* _WORK TO BE COMPLETED_:
Would you repeat the data below exactly, taking out the images?

* _DATA_:
/---
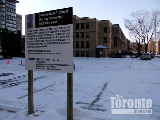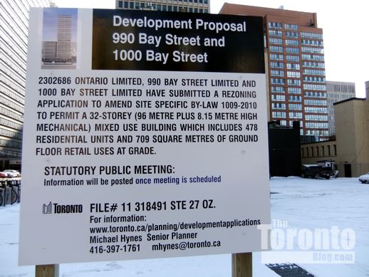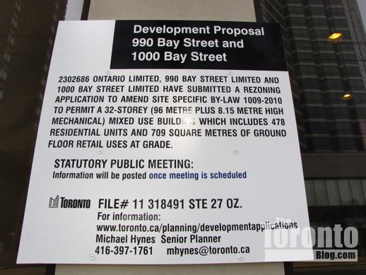 January 9 2012: A development proposal sign posted at 984 Bay Street
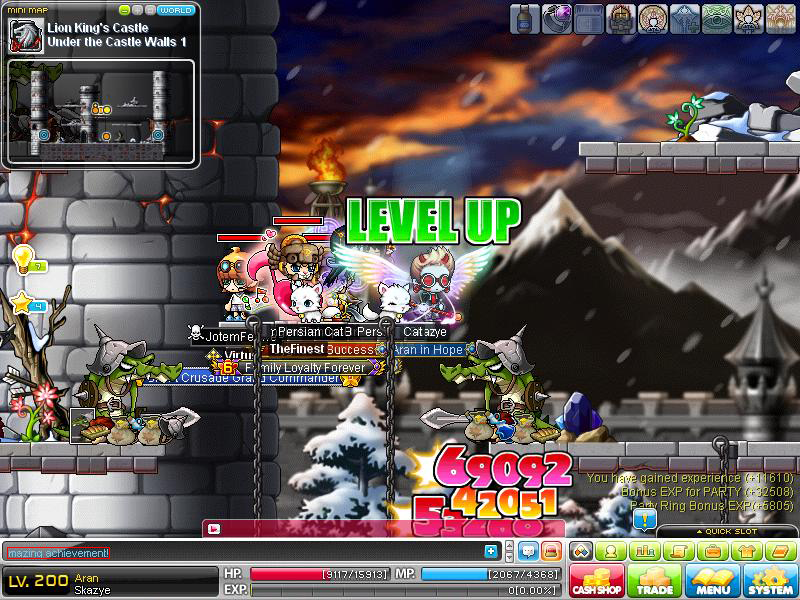 ולגבי ההודעה הכחולה הזאת זה אומר שעליתי לרמה 200 וקבילתי את המדליה Aran The Hero a שרת פרטי עלק.
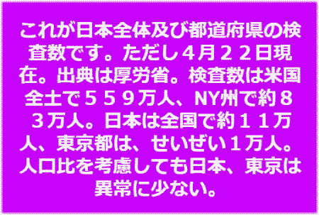 日本全体10数万検査数、東京都約1万検査数r
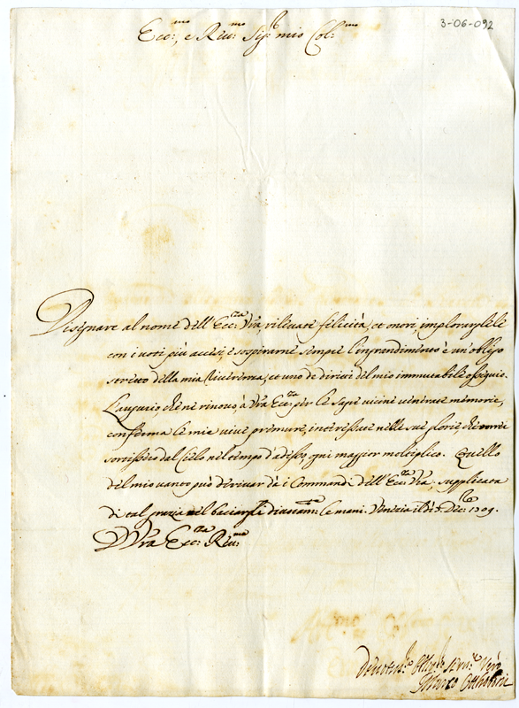 Lettera di Marco Ottoboni ad Annibale Albani (1709 dicembre 7)
\---
* _REPLY_:
 January 9 2012: A development proposal sign posted at 984 Bay Street
 ולגבי ההודעה הכחולה הזאת זה אומר שעליתי לרמה 200 וקבילתי את המדליה Aran The Hero a שרת פרטי עלק.
 日本全体10数万検査数、東京都約1万検査数r
 Lettera di Marco Ottoboni ad Annibale Albani (1709 dicembre 7)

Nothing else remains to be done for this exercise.